279 articles. Les auteurs ont analysé 279 articles sur les sites web de 6 prestigieuses sociétés savantes en gynécologie-obstétrique. Ces articles sont tous destinés aux patients. Ils font partie du matériel d’éducation à la santé gynécologique. Leur but est de donner les bases, le vocabulaire et les recommandations pour prendre les bonnes décisions. Les auteurs ont passé ces 279 articles à la moulinette de la lisibilité. Comment ? Avec Microsoft Word tout simplement !

Le Test de Flesch-Kincaid.
Les chercheurs ont utilisé un test accessible à tous. Le Test de Flesch-Kincaid.

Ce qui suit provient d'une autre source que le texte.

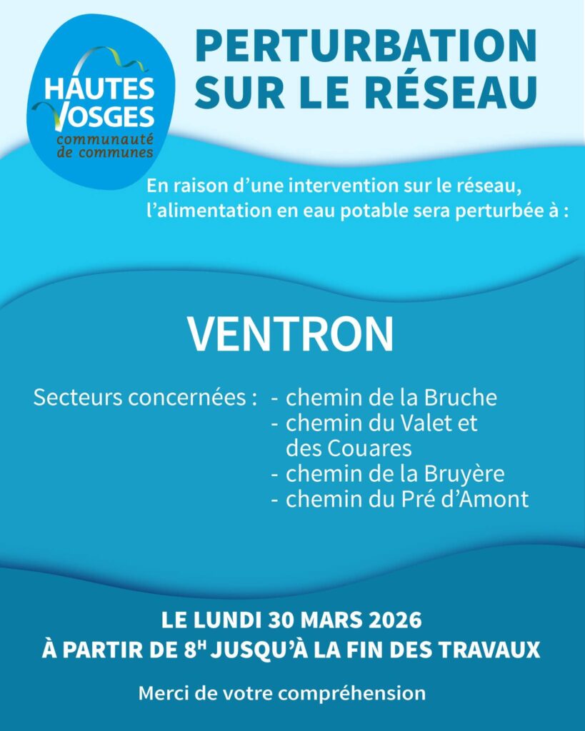 INFO PERTURBATION RÉSEAU EAU CCHV

Ce test évalue mathématiquement la lisibilité d’un texte selon plusieurs critères : le nombre de mots par phrase, le nombre de phrases, le nombre de syllabes et l’utilisation de la voix active. Ce calcul permet de déterminer quel niveau scolaire est nécessaire pour lire le texte sans difficulté. Aux USA, la première année à l’école élémentaire s’appelle le 1er grade (soit le CP). Pour qu’un texte soit lisible, il doit s’adresser à des personnes ayant le même niveau de lecture que nos collégiens en France (soit entre le 6e et le 8e grade).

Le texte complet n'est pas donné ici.